Exercise description
Without pictures, repeat the lines of the entries from the one containing "state drive |" through the last, both ends included, and nothing else.

==== Provided material ====

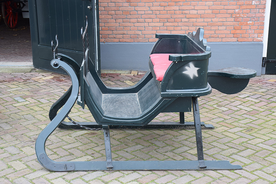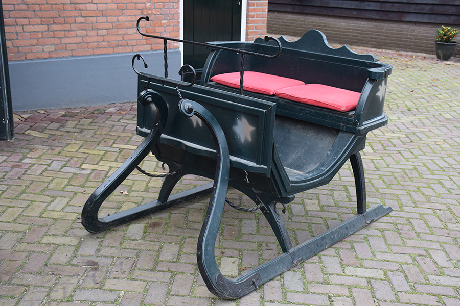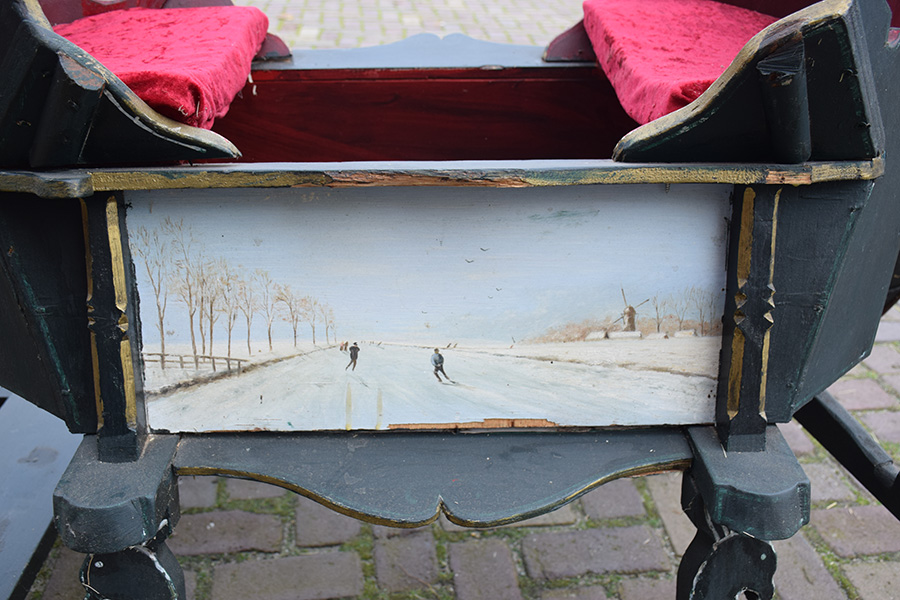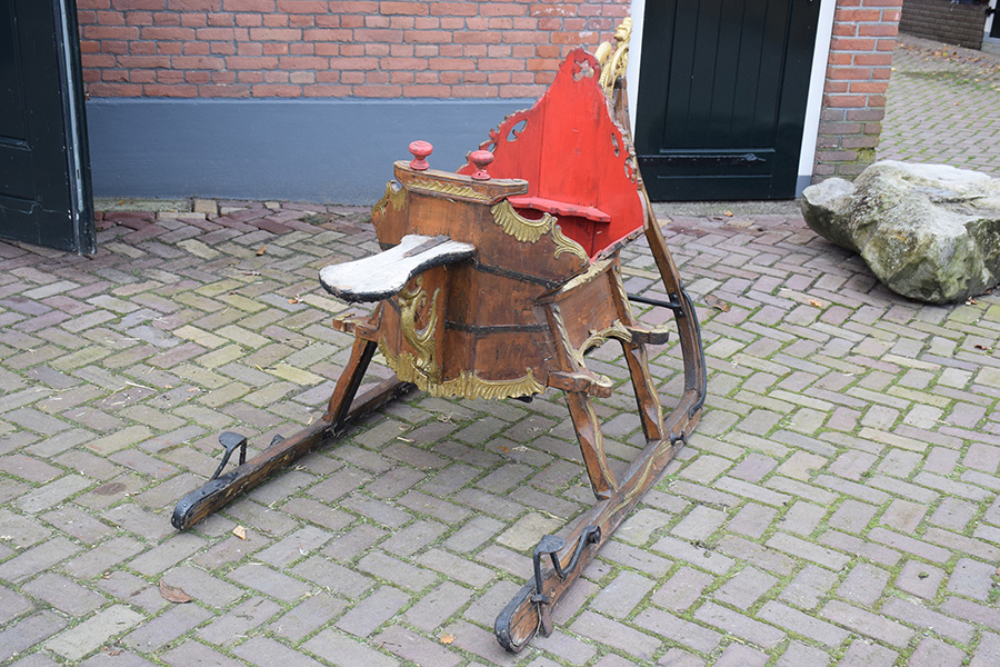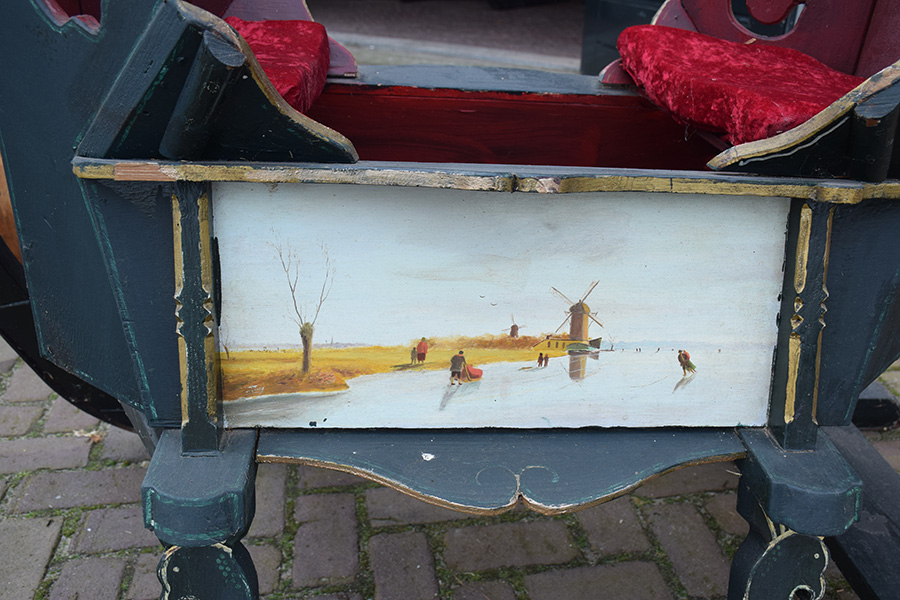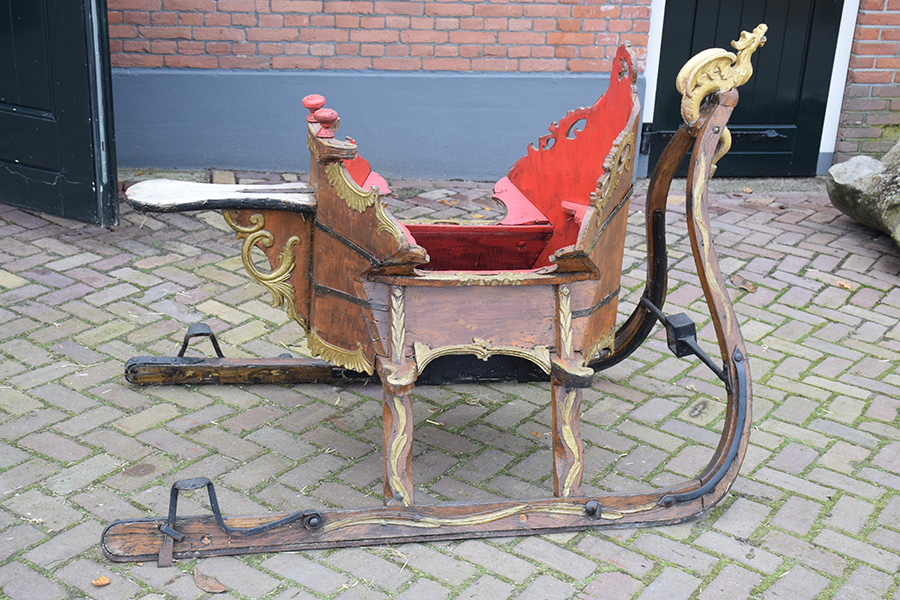 Rijkelijk gedecoreerde barokslede op ijzers (zonder stokken). Voorzien van fraaie schilderingen en prachtig houtsnijwerk. Blikvanger is het beeldje voorop van een vrouw met ontblote borst en een hond aan haar zij. Vraagprijs: € 860,-
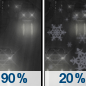 Temperature: 26°F Wind Speed: 5 mph Wind Direction: NE Forecast: A chance of snow after 1am. Mostly cloudy, with a low around 26. Chance of precipitation is 30%. |
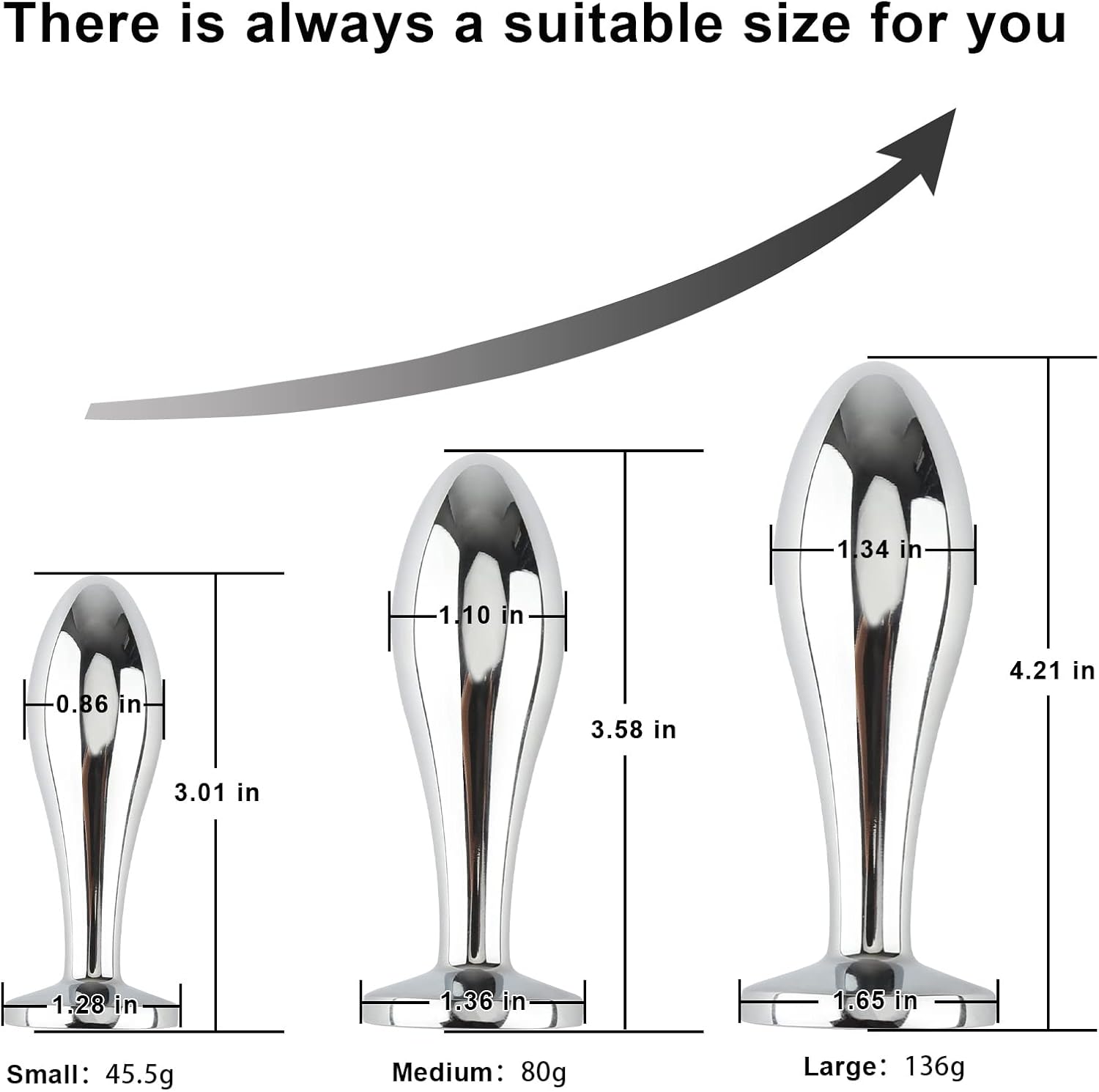 3 Sizes of Butt Plug: Large anal plug: 4.3″x 1.3″, Medium: 3.7″x 1.2″, Small: 3.1″x 0.8″. You can start with the small butt plug and gradually work your way up to the large butt plug for an enjoyable anal training experience.
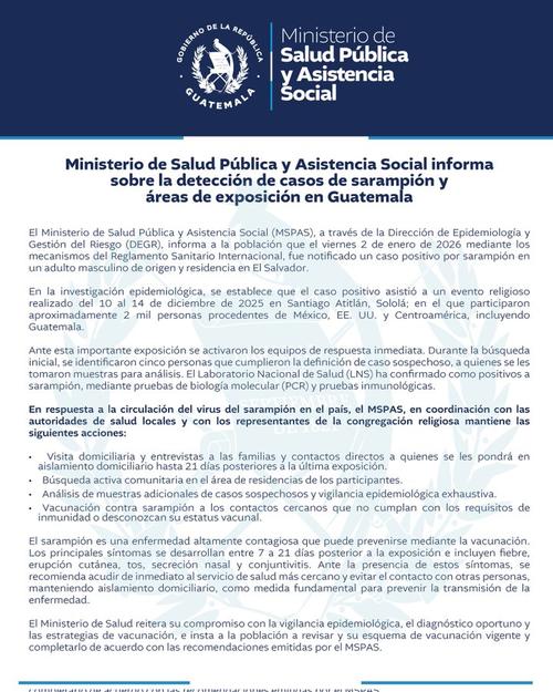 En el comunicado informa que, según la investigación epidemiológica realizada, el hombre asistió a un evento religioso realizado del 10 al 14 de diciembre de 2025 en Santiago Atitlán, Sololá.
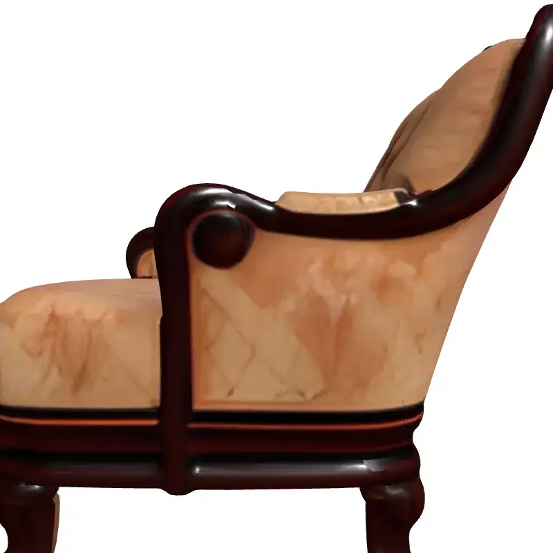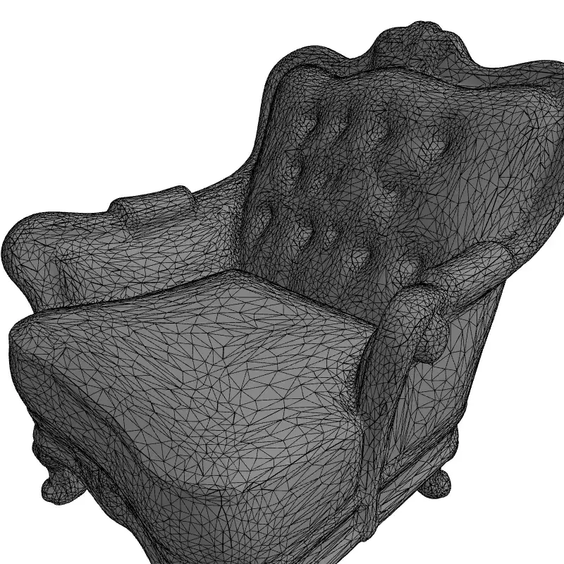 This exquisite 3D model presents a classic ornate armchair, meticulously crafted to bring a touch of vintage elegance to any digital environment. Featuring a richly detailed dark wooden frame adorned with intricate carvings, including a decorative crest on the backrest and sculpted legs, this piece exudes historical charm. The plush upholstery, rendered in a warm, patterned fabric, is beautifully button-tufted on the backrest, enhancing its luxurious appeal. Decorative nailhead trim meticulously follows the contours of the frame, adding a refined finish. This model is ideal for high-quality architectural visualizations, interior design projects, virtual staging, film and animation, or creating immersive AR/VR experiences. Its high level of detail makes it perfect for close-up renders and static scenes where visual fidelity is paramount. While optimized for realistic rendering, the clean topology also allows for potential use in real-time applications with appropriate polygon reduction and LODs. The model is fully UV unwrapped and includes high-resolution PBR textures to ensure stunning visual accuracy. It is provided in various industry-standard formats, including GLB, OBJ, FBX, DAE, and USD, offering broad compatibility across different 3D software and engines. Integrate this timeless armchair into your projects to elevate their aesthetic and historical depth.
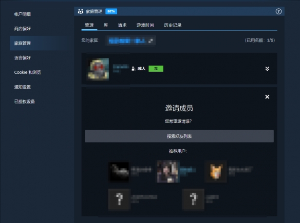 2、在弹出的设置界面中,切换至“家庭”选项卡,点击“管理您的Steam家庭”,随后选择“邀请成员”。对方确认后,便可成功加入。
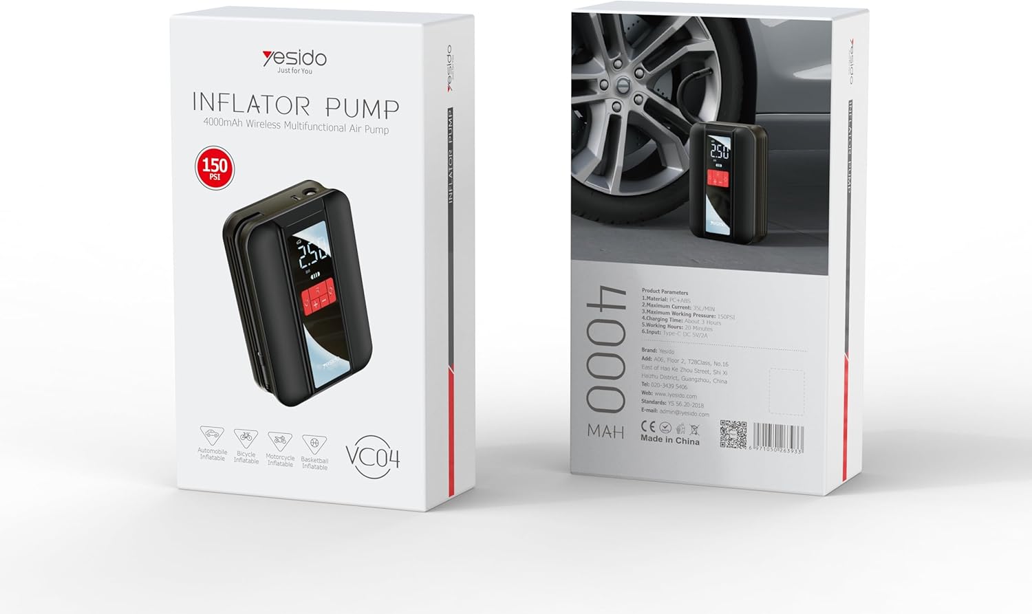 - مضخة نفخ VC04 لاسلكية متعددة الوظائف 4000 مللي امبير في الساعة من يسيدو، 10.34 بار
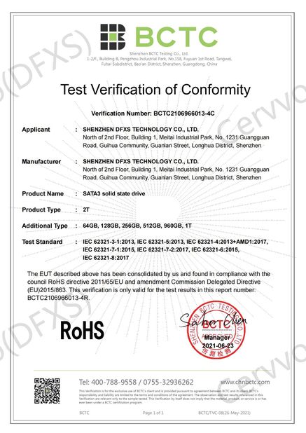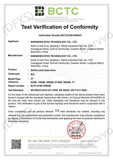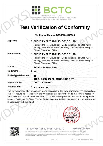 | Estándar: | FCC for SATA3 solid state drive |
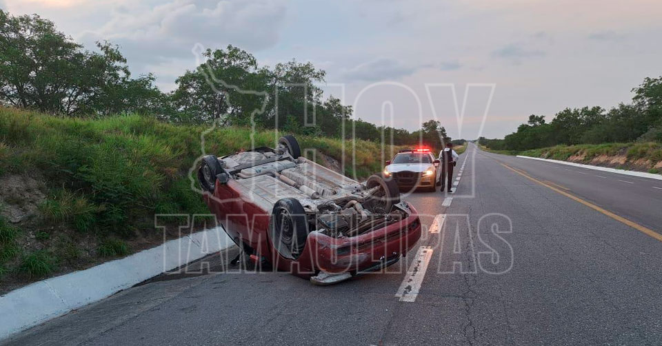 San Fernando, Tamaulipas.- Tras la volcadura de un automóvil sobre el kilómetro 23 del Libramiento San Fernando, personal de la Guardia Estatal acudió como primer respondiente para brindar apoyo vial.
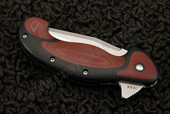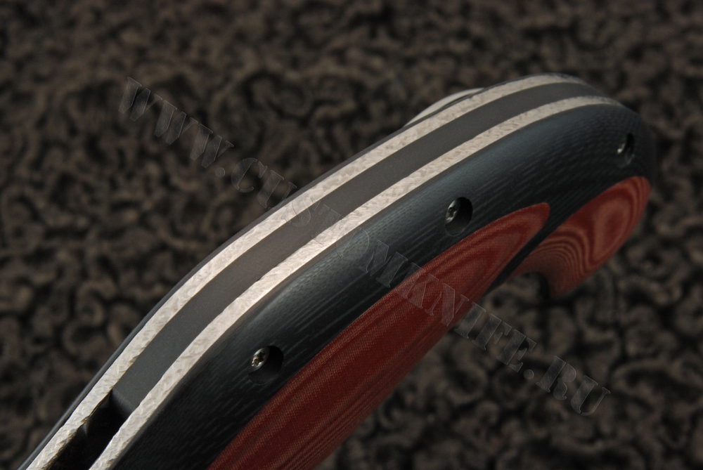 Рукоятка изделия собрана из накладок красного и черного цвета. Нож раскладывается с помощью подшипниковой системы IKBS. Процесс извлечения лезвия протекает легко и плавно, без необходимости двигать запястьем руки. Имеется титановая клипса. Изготовитель проделал поистине значительную работу.
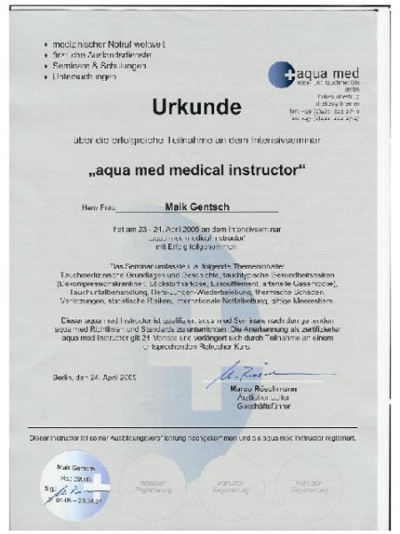Ausbildung zum aqua med Oxigen und Medical Instructor

====

Task response
 | Estándar: | FCC for SATA3 solid state drive |
 San Fernando, Tamaulipas.- Tras la volcadura de un automóvil sobre el kilómetro 23 del Libramiento San Fernando, personal de la Guardia Estatal acudió como primer respondiente para brindar apoyo vial.
 Рукоятка изделия собрана из накладок красного и черного цвета. Нож раскладывается с помощью подшипниковой системы IKBS. Процесс извлечения лезвия протекает легко и плавно, без необходимости двигать запястьем руки. Имеется титановая клипса. Изготовитель проделал поистине значительную работу.
Ausbildung zum aqua med Oxigen und Medical Instructor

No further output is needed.